Speaking of LaTeX, I also found this other couple of useful programmes: the first one is a perl script that creates the bibtex code of a given reference $-$ basically you can copy and paste the full reference of a text of interest and the script will return the LaTeX code to paste into a .bib file. The second one searches PubMed and retrieve the LaTeX code for the hits that match the search string.

Again, both are probably quite old and well established. But it was quite serendipitous.
This is not really news any more, but I still think it's an interesting story.

Last week the journal *Basic and Applied Social Psychology* has published an editorial setting out their views (or rather prescriptions) for how statistical analyses should be conducted in papers that seek publication with them.

The editorial starts by effectively banning the use of p-values and null hypothesis significance testing, which "*is invalid, and thus **authors would be not required to perform it*". Then it goes on to say that "*Bayesian procedures are more interesting*", but also suffer from issues with "*Laplacian assumption*" (non-informative priors) and therefore they "*reserve the right to make case-by-case judgments, and thus Bayesian procedures are neither **required nor banned from BASP*.

The conclusion of the editorial is then that basically psychologists do not need to bother with *any* inferential procedure, "*because the state of the art remains uncertain. However, BASP will require strong descriptive statistics, including effect sizes. We also encourage the presentation of frequency or distributional data when this is feasible*".

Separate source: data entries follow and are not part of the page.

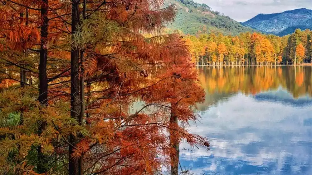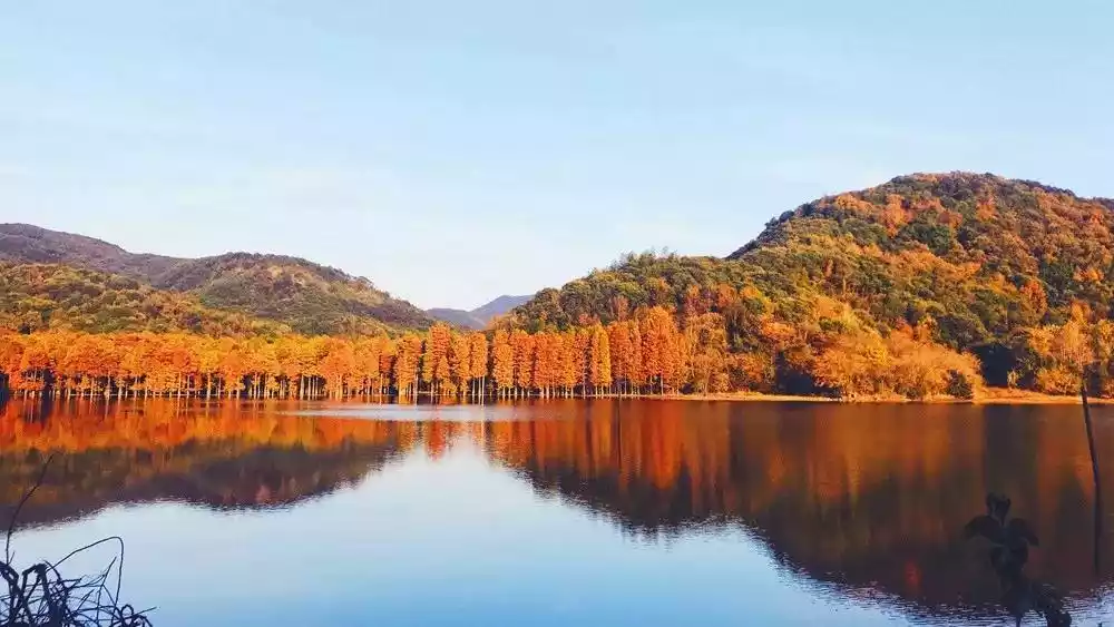 The reservoir on the top of the mountain is as smooth as a mirror. In late autumn, the leaves of the Metasequoia have turned red, turning it into a redwood forest.
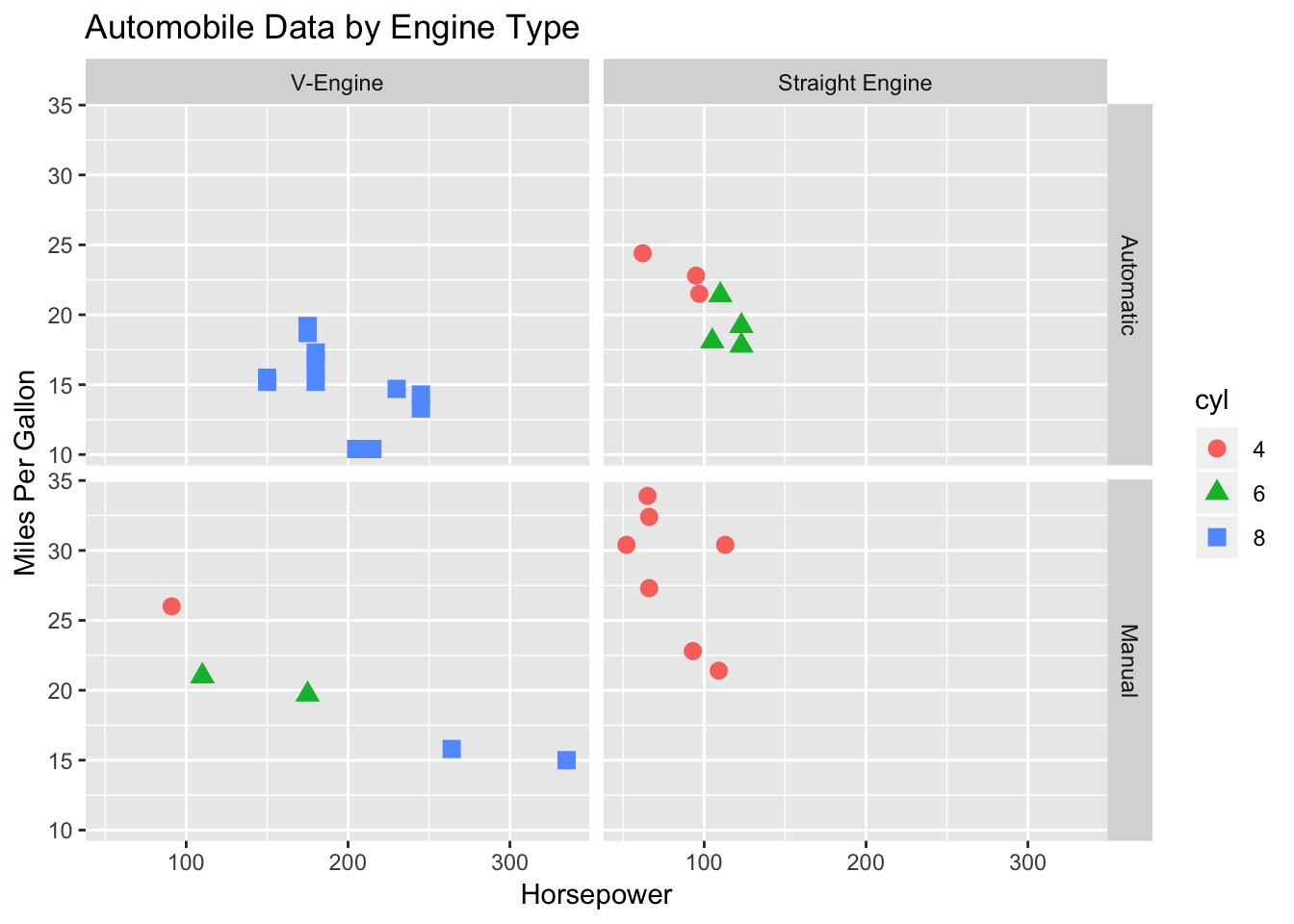 The resulting graph contains separate scatterplots for each combination of transmission type (automatic vs. manual) and engine arrangement (V-engine vs. straight engine). The color and shape of each point indicates the number of engine cylinders in that car.
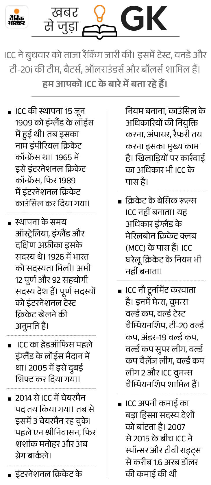 रबाडा को 3 स्थान का नुकसान, अफरीदी को फायदा हुआ टेस्ट गेंदबाजों की रैंकिंग में साउथ अफ्रीका के कगिसो रबाडा और ऑस्ट्रेलिया के जोश हेजलवुड को नुकसान हुआ है। रबाडा तीन स्थान के नुकसान के साथ 5वें नंबर पर आ गए हैं। उनके 837 रेटिंग पॉइंट्स हैं। जबकि ऑस्ट्रेलिया के जोश हेजलवुड (815 अंक) को एक अंक का नुकसान हुआ है। भारतीय गेंदबाजों की रैंकिंग में बदलाव नहीं हुआ है। पाकिस्तान के शाहीन अफरीदी (661 अंक) तीन स्थान के फायदे के साथ 19वें नंबर पर आ गए हैं।
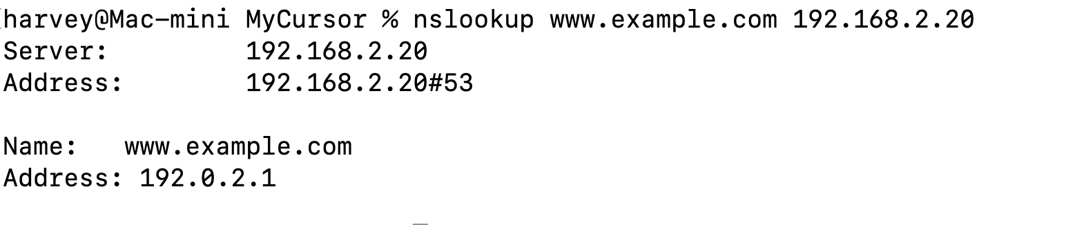 nslookup www.example.com 192.168.2.20
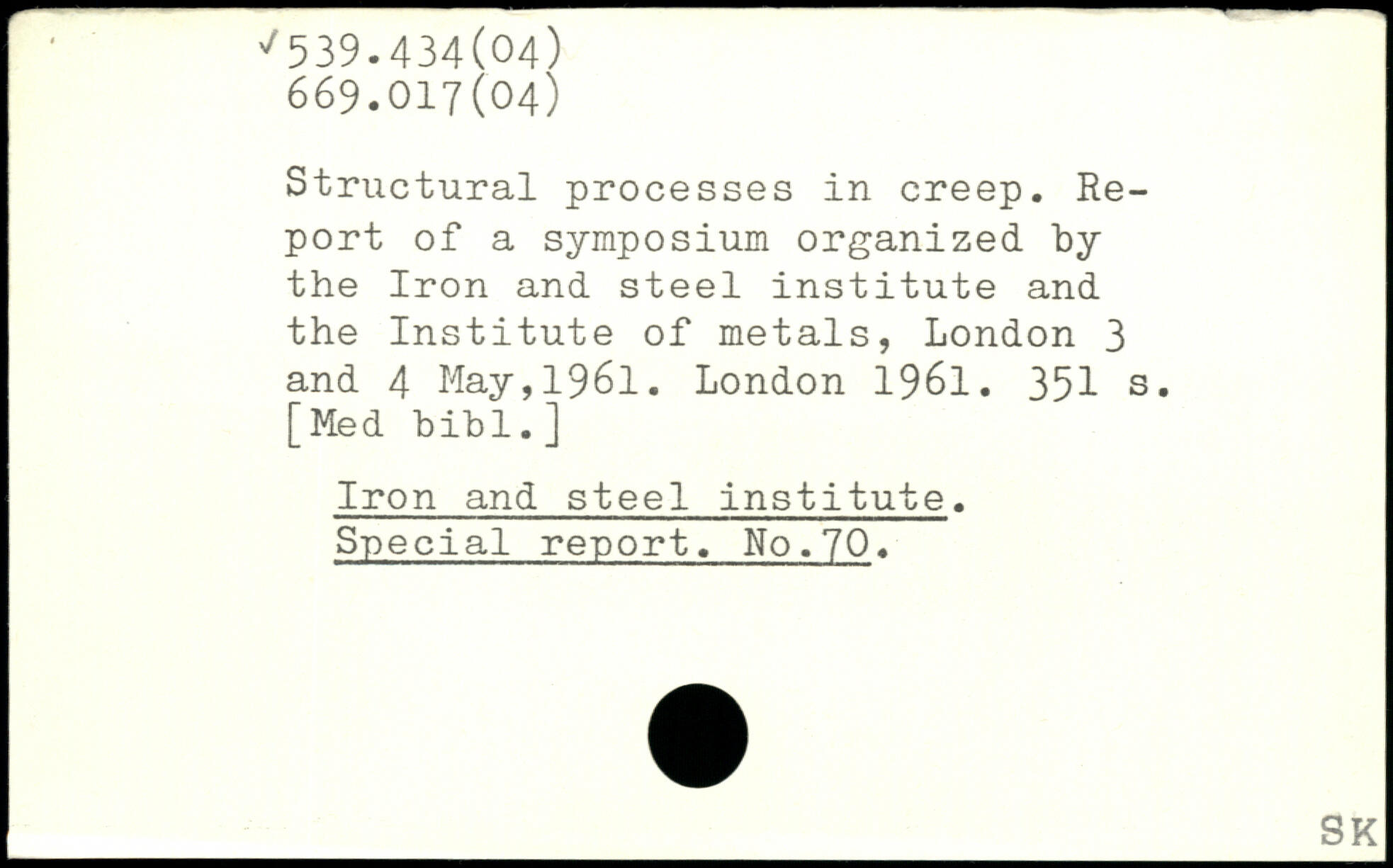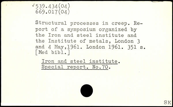 Structural processes in creep. Report of a symposium organized by the Iron and steel institute and the Institute of metals, London 3 and 4 May,1961.

This has caused quite a stir among many statisticians (and I think psychologists should join the protest!). Here's a series of responses by important statisticians. I personally think that some of the problem at least is the view that statistics is some sort of recipe-book: if you have such and such data collection, then do a t-test; if you have such and such a design, then do an ANOVA; or perhaps if you have this other data, then use meta-analysis and throw in some priors-kind of thing $-$ I'm no real expert here, but I think that psychology as a field suffers particularly from this problem (perhaps for historical reasons?).

Most importantly, this reminds me of my first ISBA conference, back in 2006 (I think that's the last time it was held in the Valencia area). The final night of the conference, some attendees prepare some entertainment and that year, together with a few (back then) young friends, we prepared a news broadcast $-$ we spent most of the last day of the conference doing this, rather than attending the talks, I'm half proud, half ashamed to confess.

Anyway, among the "serious" news we were reporting was a riot that had happened outside the conference hotel where frequentists had come in masses to protest, waiving placards reading "We value p-value!" (worryingly, we also reported that Alan Gelfand, then-President of ISBA, had to be transferred to a secure location).